There are 5 main areas in which our attention can be focused upon which will yield the neurological benefits of mindfulness practice. You can do one or more of these in a session with students, and it can take anywhere from 2-20 minutes, depending on age and your willingness to develop these habits with students.

Concentrating on:

  1. Our breath: where we are breathing and the quality of that breath.
  2. Sensations in body parts: scanning our body, finding areas of tension and relaxation.
  3. Sensations of our emotion: where our emotion arises from and how does it make us feel.
  4. Thoughts:  our thought based on time, so is the thought that we are thinking on from a moment in the past or a possibility of what will happen in the future.
  5. Attention to details: noticing and appreciating smells, sounds, and sights.

Full disclosure here: I’d like to tell you that I fully implement daily meditation practice with my students, but I only do it half-heartedly for a myriad of reasons, least being the amount of interruption that I get from having my classroom be a hallway for others.  (Yes, my classroom is a hallway.) However, I do try to incorporate mindful acts in our day with brief moments of focus on our bodies, minds, and thoughts. I usually do 3 belly breaths, a mindful stretch when we line up, and a reflective question of the day. Sometimes we go on “listening walks”, and lately we’ve been trying to look more closely at nature in order to find patterns.  I’d like to do more, but that is where I am at in my journey to create mindfulness in my classroom. I do make attempts at carving out mindful moments in my day in a variety of ways, and I think this is a good first step.

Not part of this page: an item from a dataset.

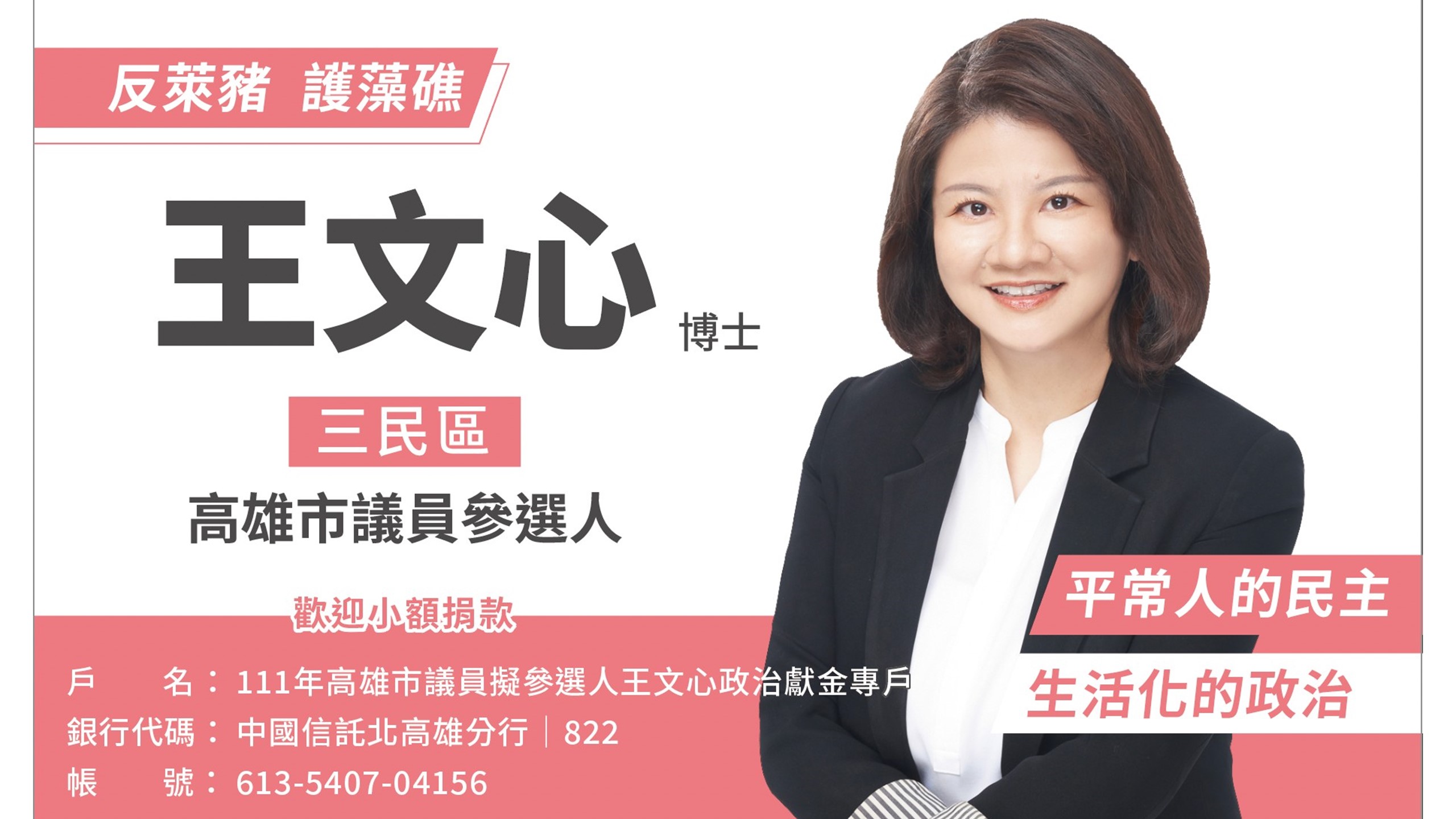 無黨籍王文心博士於8/8日父親節與在野大聯盟的蘇偉碩陪同下宣布將投入高雄市三民區市議員參選人,蘇偉碩醫師與王文心博士有著【反萊豬、護藻礁的食安神鵰俠侶】的稱號。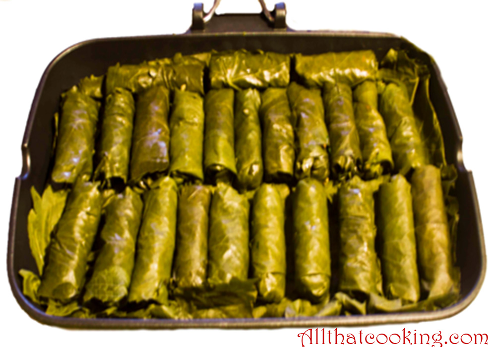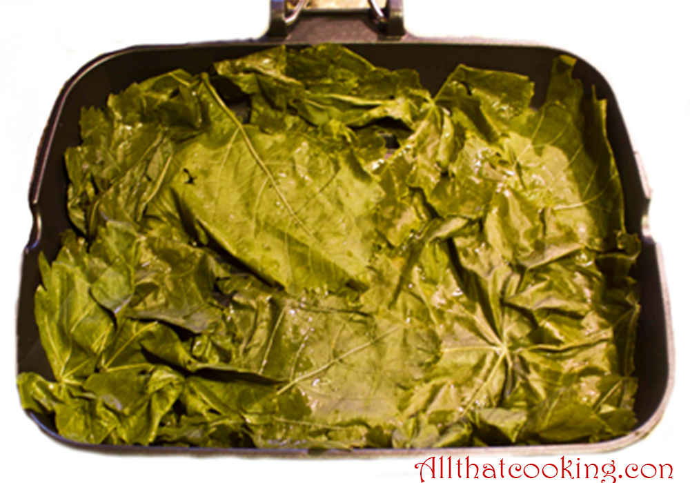 3. Line the bottom and sides of an oven proof pan with left over leaves and any torn pieces of grape leaves. They will keep the rolls from sticking to the bottom of the pan and help to keep them arranged.

As an IB educator, there is a desire to develop mindfulness and wellbeing in our students. As the Primary Years Programme (PYP) begins to embrace the ATLs (Approaches to Learning) that we see in Middle Years Programme (MYP), I know that more schools will begin integrating mindfulness into their school communities. Next year, I’ve been thinking about how I might do a proper routine incorporating mindfulness so I can make an earnest effort in this movement. I’ve been thinking about making a simple tool like a spinner that shows our emotions and having students rate how they feel before we begin our exercise and how we feel afterward by moving the hand of the spinner. Focusing in on our current state of emotion and evaluating where we are at the beginning of this journey and where we end up at the end of the practice is so important because it cultivates self-reflection and provides personal feedback of our experience.

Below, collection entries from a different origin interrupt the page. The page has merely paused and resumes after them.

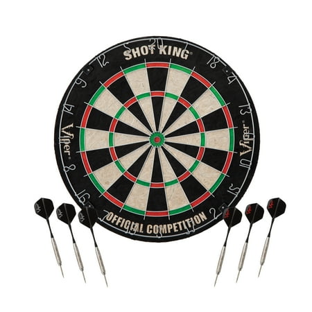Viper Shot King Regulation Bristle Steel Tip Dartboard Set with Staple-Free Bullseye, Galvanized Metal Spider Wire; High-Grade Compressed Sisal with Rotating Number Ring, Includes 6 Darts
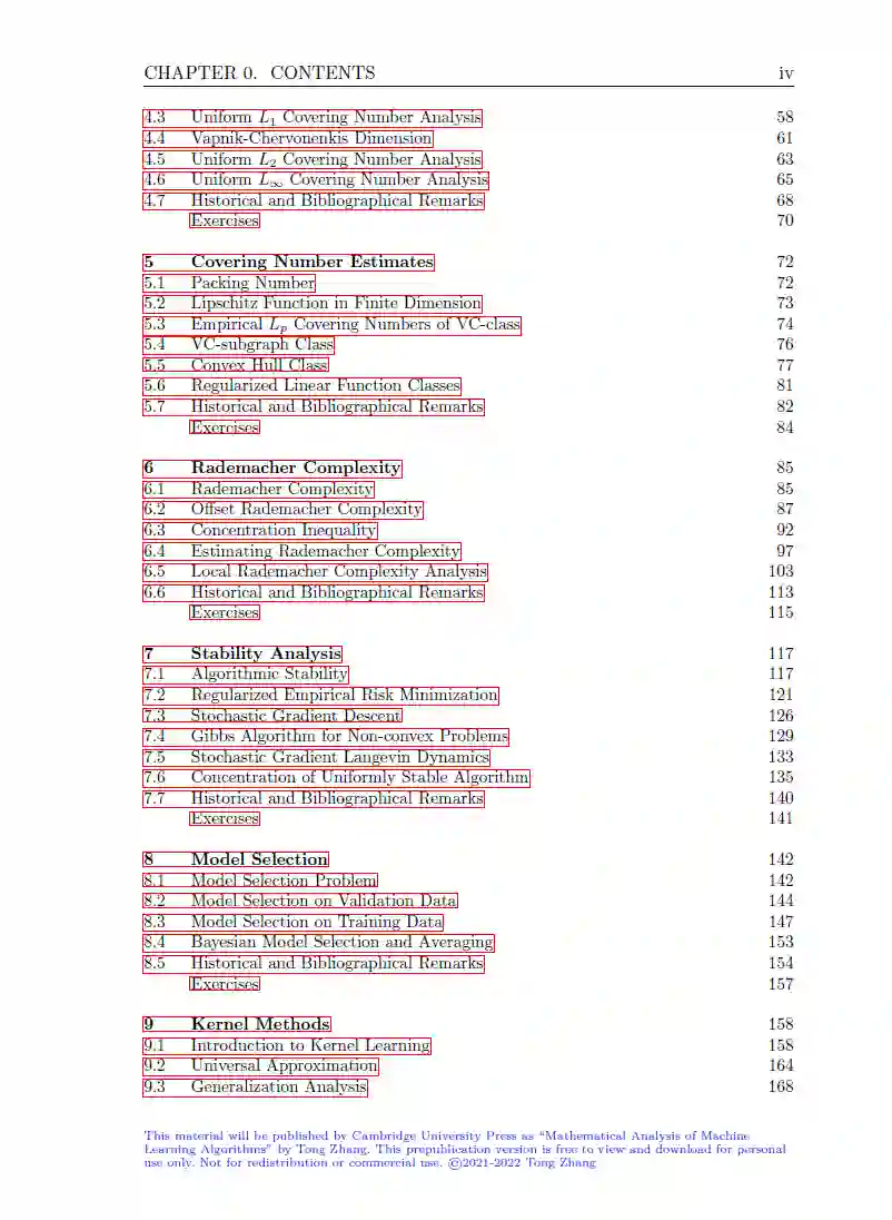 这本书包含足够的材料,可用于为期两个学期的研究生级课程,每个部分的内容可以作为一个学期的课程。它也可以用于一个学期的课程,涵盖书中的部分内容。作者已经根据这本书的内容在香港科技大学教授研究生课程。参加这些课程的学生已经学习了基本的机器学习算法,并希望进一步学习分析这些算法的数学工具。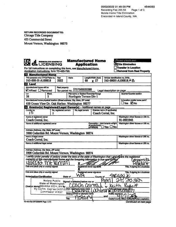 | Mailing Address: | 1620 POPLAR LN CAMANO ISLAND, WA 98282 | % Ownership: | 100.0000000000% |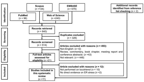 A total of 840 records (96 articles from PubMed, 134 articles from Scopus, 240 articles from the Web of Science, and 370 articles from the EMBASE database) were identified. After removing the duplicates, 514 articles were screened for titles and abstracts. A total of 493 articles were excluded due to language (n = 2), lack of primary data (n = 43), and being irrelevant to the topic (n = 448). After assessing the eligibility of the full-text articles, 12 articles were excluded because 10 were not studying tocotrienol and 2 were using combination treatment, and the effects of tocotrienol treatment could not be determined. Two additional articles were included, and a final 11 articles were included for qualitative analysis in this systematic review.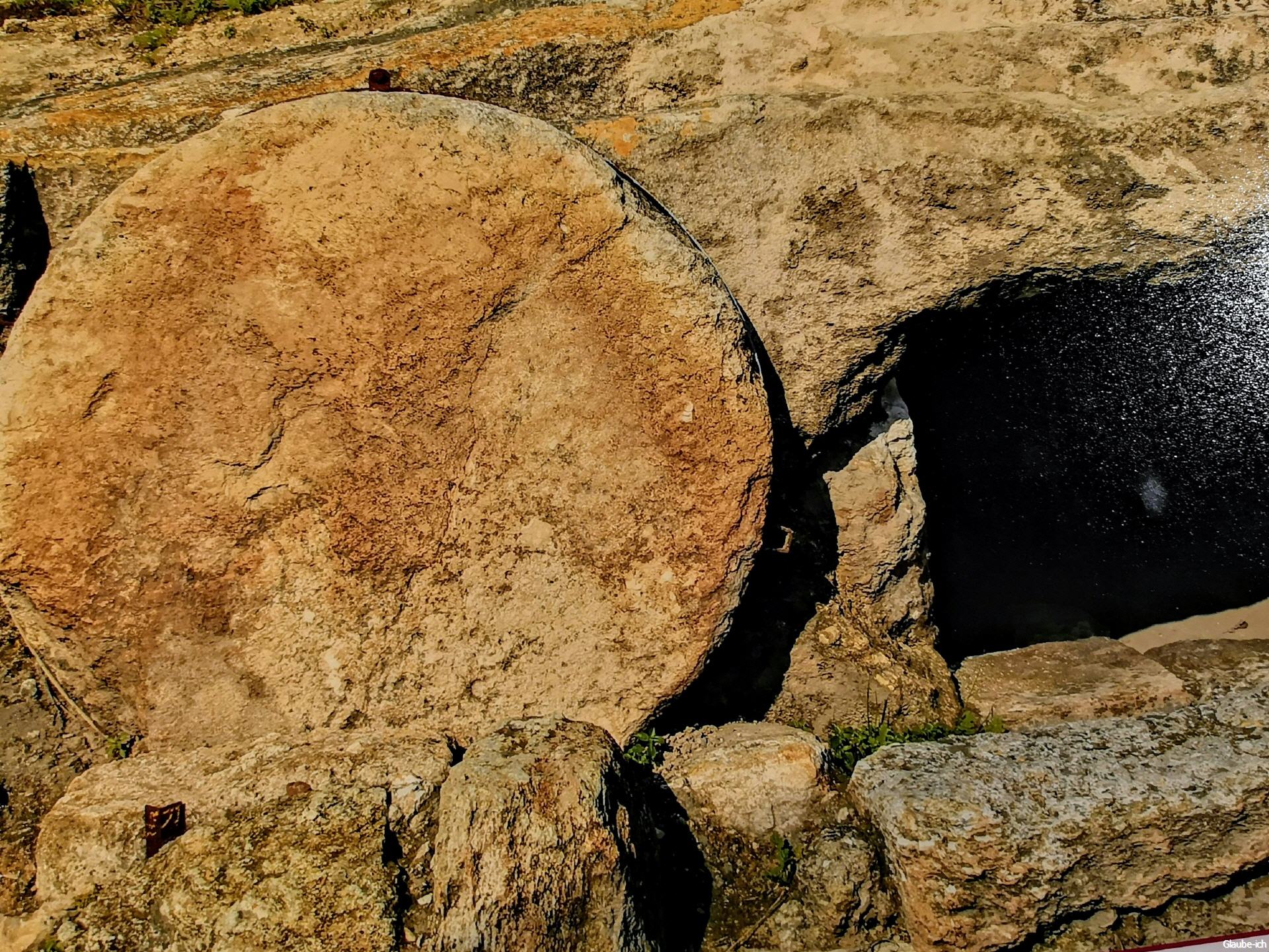 Als der Sabbat vorüber war, kauften Maria aus Magdala, Maria, die Mutter des Jakobus, und Salome wohlriechende Öle, um damit zum Grab zu gehen und Jesus zu salben. Am ersten Tag der Woche kamen sie in aller Frühe zum Grab, als eben die Sonne aufging. Sie sagten zueinander: Wer könnte uns den Stein vom Eingang des Grabes wegwälzen? Doch als sie hinblickten, sahen sie, dass der Stein schon weggewälzt war; er war sehr groß.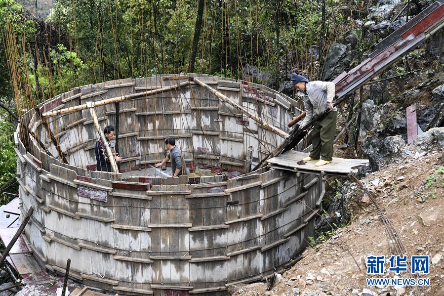 廣西都安瑤族自治縣隆福鄉(xiāng)的村民在修建家庭水柜(3月17日攝)。廣西有近一半貧困人口生活在石漠化地區(qū),涉及數(shù)十個縣區(qū)。這里也是廣西飲水保障程度最低的地區(qū),解決貧困人口飲水問題是廣西脫貧攻堅戰(zhàn)“硬仗中的硬仗”。“十三五”以來,廣西加快實施農(nóng)村飲水安全鞏固提升工程。因地制宜,采取新建、擴建及管網(wǎng)延伸等多種措施,補齊貧困地區(qū)水利薄弱短板,進一步提升石漠化地區(qū)群眾飲水安全保障水平,助推脫貧攻堅。新華社記者曹祎銘攝

I don’t know how others might have experimented with mindfulness and meditation in their classrooms, but I’d love to hear stories and share experiences. I know that these skills are actually as important, if not more important, than academic skills that we teach our students. And I think if more of us shared our struggles, then that could increase the willingness of other educators to try to create “an oasis of calm” and a culture of compassion in our schools and in the lives of our students.